ヴァーヴ移籍後の第1作であるこのアルバムはシェリー・マンのドラムが非常に雄弁に語る素晴らしいアルバムで、ジャケットで損をしているが、
ヴァーヴ期のエヴァンスの中では最も出来がいい。アーヴィング・バーリン、フランク・レッサーらの知られざる名曲を掘り起こした選曲が
見事にハマっていて、これがこのアルバムを特別なものにしているように思う。
シェリー・マンがこんなにいいドラマーだったなんて、このアルバムを聴くまでは気が付かなった。エヴァンスと言えばベースとの対話ばかり
語られるけれど、ここでは完全にドラムとの対話が繰り広げられている。シェリー・マンは本当に喋っているようなドラミングをしていて驚く。
エヴァンスも "The Washington Twist" では明るい表情をしたかと思えば、"Danny Boy" では深く憂いに満ちた抒情を見せて、
表現の振幅の大きさが素晴らしい。
ステレオ盤は適度な残響と部屋いっぱいに大きく拡がる音場感で、ああ、時代が変わったんだなあということを実感する。
リヴァーサイド盤を聴いた後でこれを聴くと、部屋の中の空気がガラッと入れ替わったような感じがする。優秀な音だと思う。
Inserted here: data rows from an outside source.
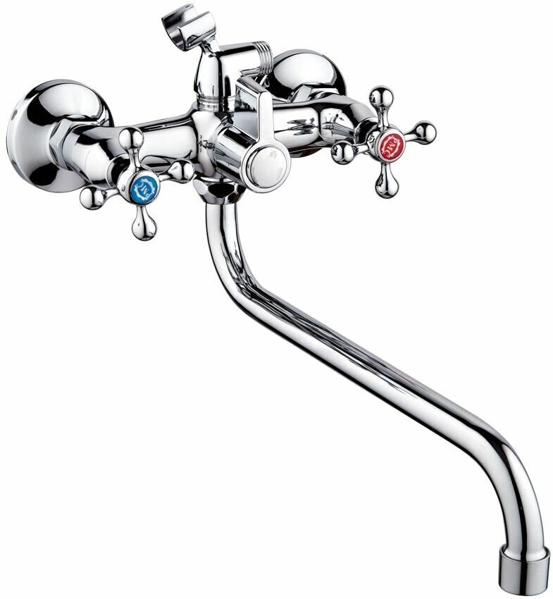 Смеситель для ванны, РМС SL71-140, длинный поворотный излив, с душевой лейкой и шлангом, двухвентильный
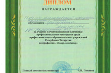 Досеев Степан (41СТО) награжден дипломом за участие в Республиканской олимпиаде профессионального мастерства по специальности 23.02.03 (190631) "Техническое обслуживание и ремонт автомобильного транспорта" среди студентов ПОО РТ. Руководитель Маслова Т.Л.
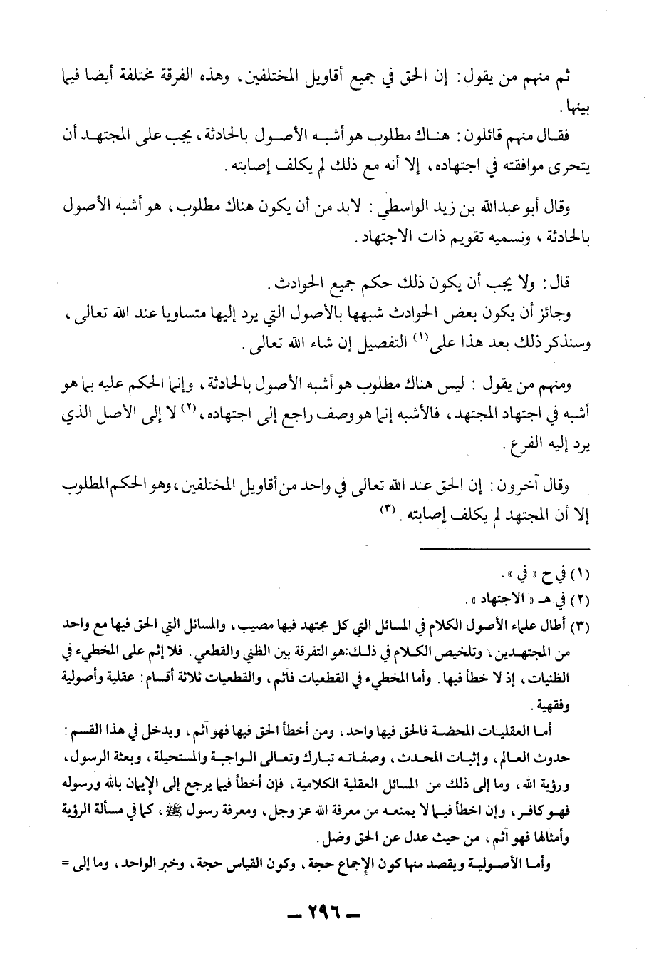 ثُمَّ مِنْهُمْ مَنْ يَقُولُ: إنَّ الْحَقَّ فِي جَمِيعِ أَقَاوِيلِ الْمُخْتَلِفِينَ، وَهَذِهِ الْفِرْقَةُ مُخْتَلِفَةٌ أَيْضًا فِيمَا بَيْنَهَا. فَقَالَ مِنْهُمْ قَائِلُونَ: هُنَاكَ مَطْلُوبٌ هُوَ أَشْبَهُ الْأُصُولِ بِالْحَادِثَةِ، يَجِبُ عَلَى الْمُجْتَهِدِ أَنْ يَتَحَرَّى مُوَافَقَتَهُ فِي اجْتِهَادِهِ، إلَّا أَنَّهُ مَعَ ذَلِكَ لَمْ يُكَلَّفَ إصَابَتَهُ. وَقَالَ أَبُو عَبْدِ اللَّهِ بْنُ زَيْدِ الْوَاسِطِيُّ: لَا بُدَّ مِنْ أَنْ يَكُونَ هُنَاكَ مَطْلُوبٌ، هُوَ أَشْبَهُ الْأُصُولِ بِالْحَادِثَةِ، وَنُسَمِّيه تَقْوِيمَ ذَاتِ الِاجْتِهَادِ. قَالَ: وَلَا يَجِبُ أَنْ يَكُونَ ذَلِكَ حُكْمُ جَمِيعِ الْحَوَادِثِ. وَجَائِزٌ أَنْ يَكُونَ بَعْضُ الْحَوَادِثِ شَبَّهَهَا بِالْأُصُولِ الَّتِي يَرُدُّ إلَيْهَا مُتَسَاوِيًا عِنْدَ اللَّهِ تَعَالَى، وَسَنَذْكُرُ ذَلِكَ بَعْدَ هَذَا عَلَى التَّفْصِيلِ إنْ شَاءَ اللَّهُ تَعَالَى. وَمِنْهُمْ مَنْ يَقُولُ: لَيْسَ هُنَاكَ مَطْلُوبٌ هُوَ أَشْبَهُ الْأُصُولِ بِالْحَادِثَةِ، وَإِنَّمَا الْحُكْمُ عَلَيْهِ بِمَا هُوَ أَشْبَهُ فِي اجْتِهَادِ الْمُجْتَهِدِ، فَالْأَشْبَهُ إنَّمَا هُوَ وَصْفٌ رَاجِعٌ إلَى اجْتِهَادِهِ، لَا إلَى الْأَصْلِ الَّذِي يُرَدُّ إلَيْهِ الْفَرْعُ.
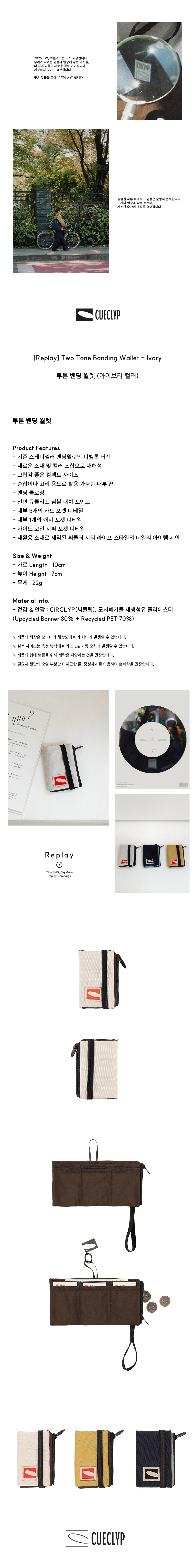 Product Features - 기존 스테디셀러 밴딩월렛의 디벨롭 버전 - 새로운 소재 및 컬러 조합으로 재해석 - 그립감 좋은 컴팩트 사이즈 - 손잡이나 고리 용도로 활용 가능한 내부 끈 - 밴딩 클로징 - 전면 큐클리프 심볼 패치 포인트 - 내부 3개의 카드 포켓 디테일 - 내부 1개의 캐시 포켓 디테일 - 사이드 코인 지퍼 포켓 디테일 - 재활용 소재로 제작된 써큘러 시티 라이프 스타일의 데일리 아이템 제안
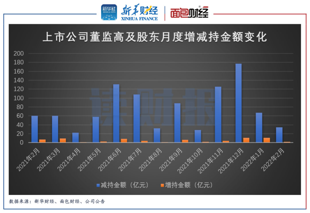 新華財經(jīng)和面包財經(jīng)根據(jù)上市公司的信披數(shù)據(jù)統(tǒng)計,2022年2月,滬深兩市上市公司董監(jiān)高及其關(guān)聯(lián)人減持金額合計約34.13億元,涉及128家公司;增持金額合計約1.82億元,涉及38家公司。增、減持金額相抵之后,凈減持金額32.31億元。
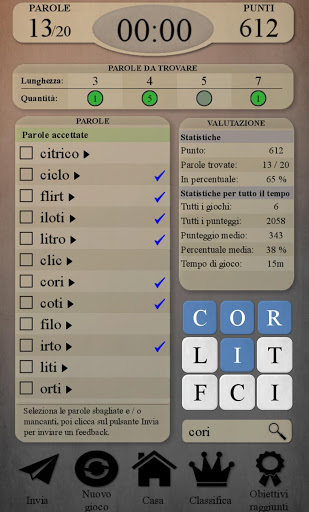 - Schermo di valutazione: statistiche, parole disponibili e animazioni su come trovarle, link rapido alle entrate del dizionario per le parole sconosciute
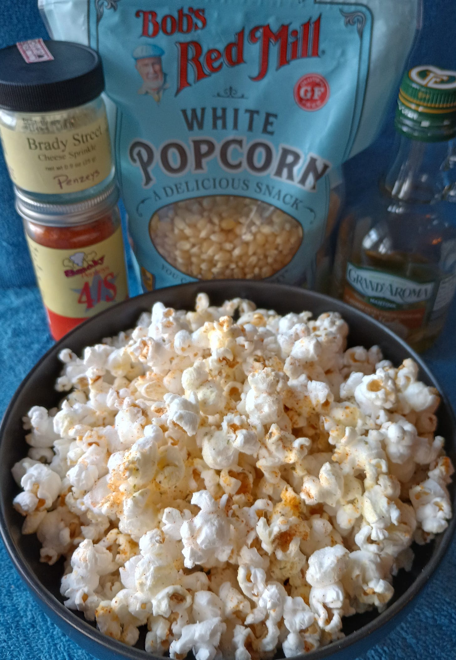 Popcorn and movies, perfect companions. Everyone knows that I always finish mine before the movie starts. I like trying different flavors, here’s my recommendation for tonight, it reminds me of garlic bread. I start with Bob’s Red Mill kernels, cooked in peanut oil, then tossed with garlic flavored olive oil. Season with Penzeys Brady Street cheese sprinkles and a bit of smoky seasoned salt. And don’t even try to save it for the movie, dig in!
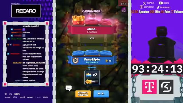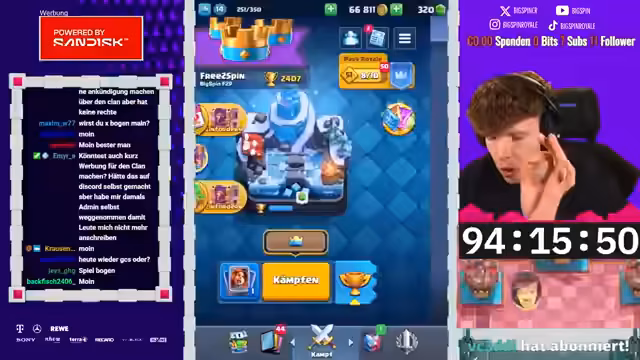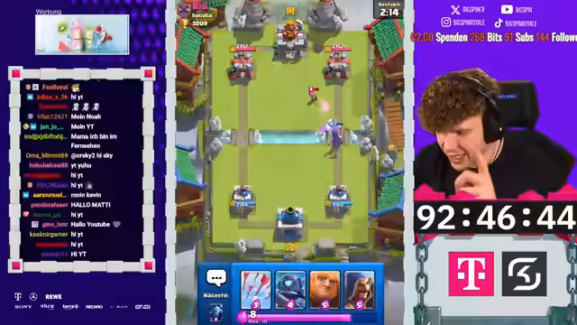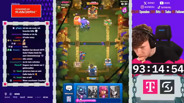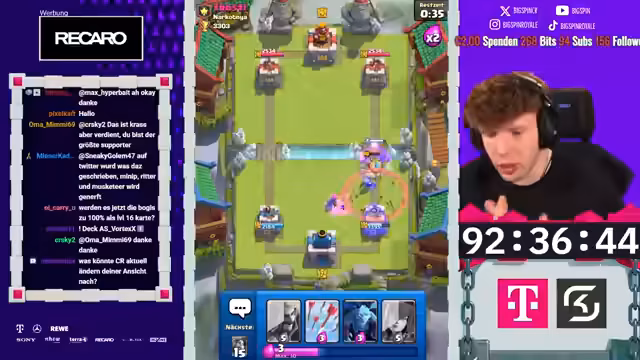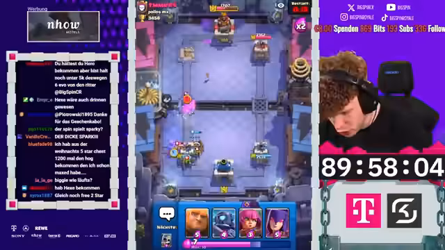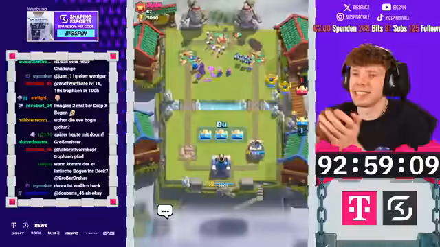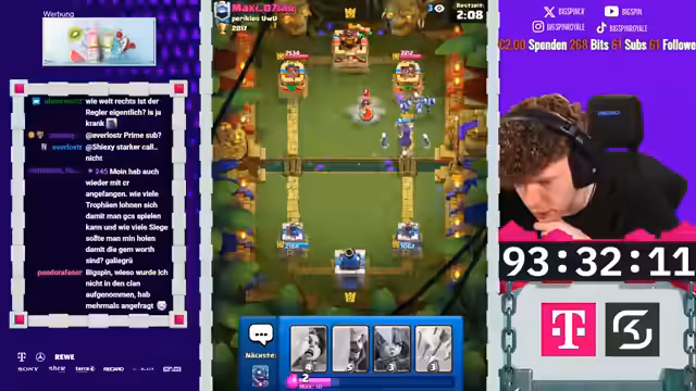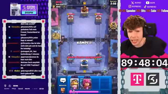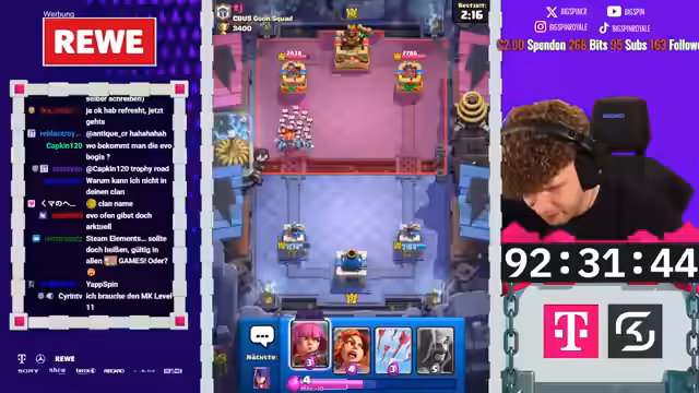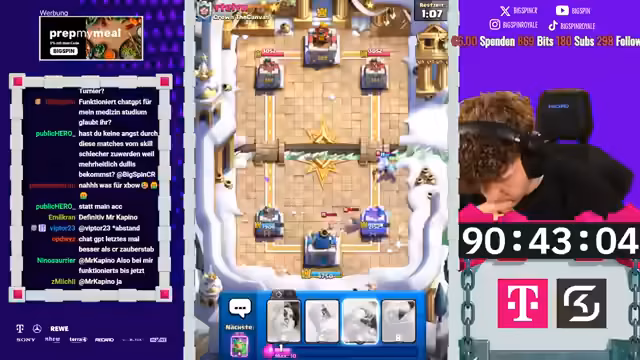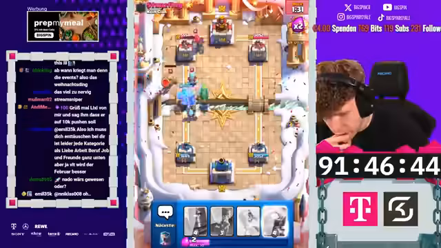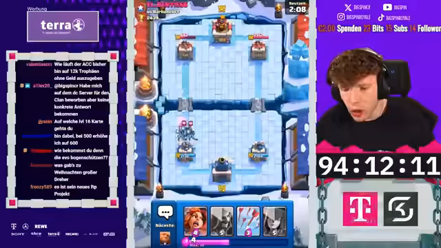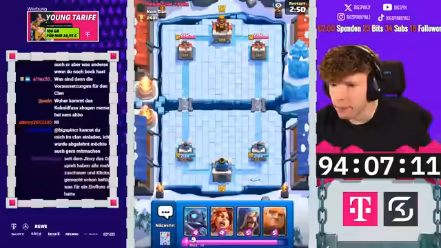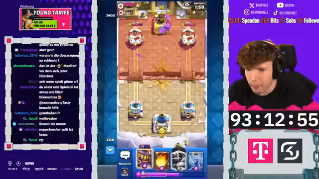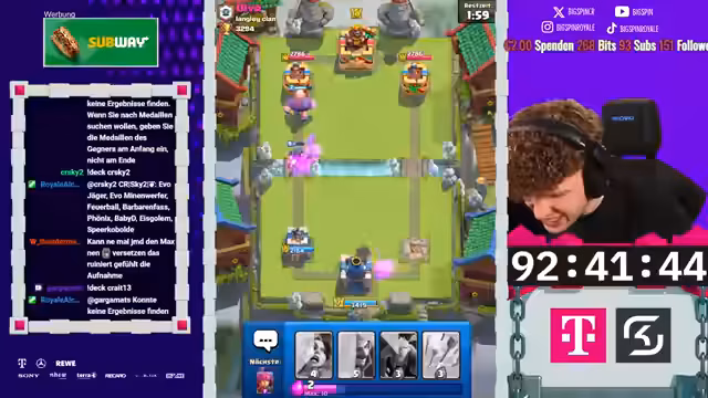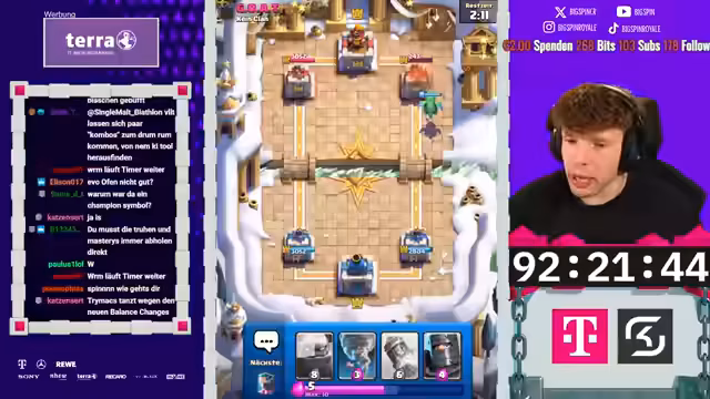 03:46:11Nach einem Neustart des Spiels (wegen fehlender Zauber) und kurzer Unterbrechung folgt ein neuer Lauf. Das Gameplay ist weiterhin von wechselhaften Matches geprägt: Mal gelingen starke Pushes mit Golem und Baby-Dragon, mal gibt es Verluste durch schlechtes Matchmaking oder Fehlentscheidungen. Der Streamer kommentiert kritisch die Spawn-Mechaniken von Einheiten und betont die Bedeutung von Timing und Präzision. Trotz Rückschlägen bleibt das Ziel bestehen, die 12 Siege zu erreichen und zusätzliche Belohnungen zu sichern.

Bill Evans / Empathy ( 米 Verve V-8497 )
ただこのアルバムは1962年と比較的早い時期いうこともあって、モノラル盤の方も出来がいい。ミックス・ダウンの影響で楽器の配置感が
悪いのが難点だが、音圧が高くて迫力はある。ヴァン・ゲルダー録音だが盤面に彼の刻印はないので、マスタリングやカッティングには
関与しなかったのかもしれない。それが良かったのだろう。
このアルバムに関してはステレオ、モノラルのそれぞれに固有の良さがあり、勝負は引き分け。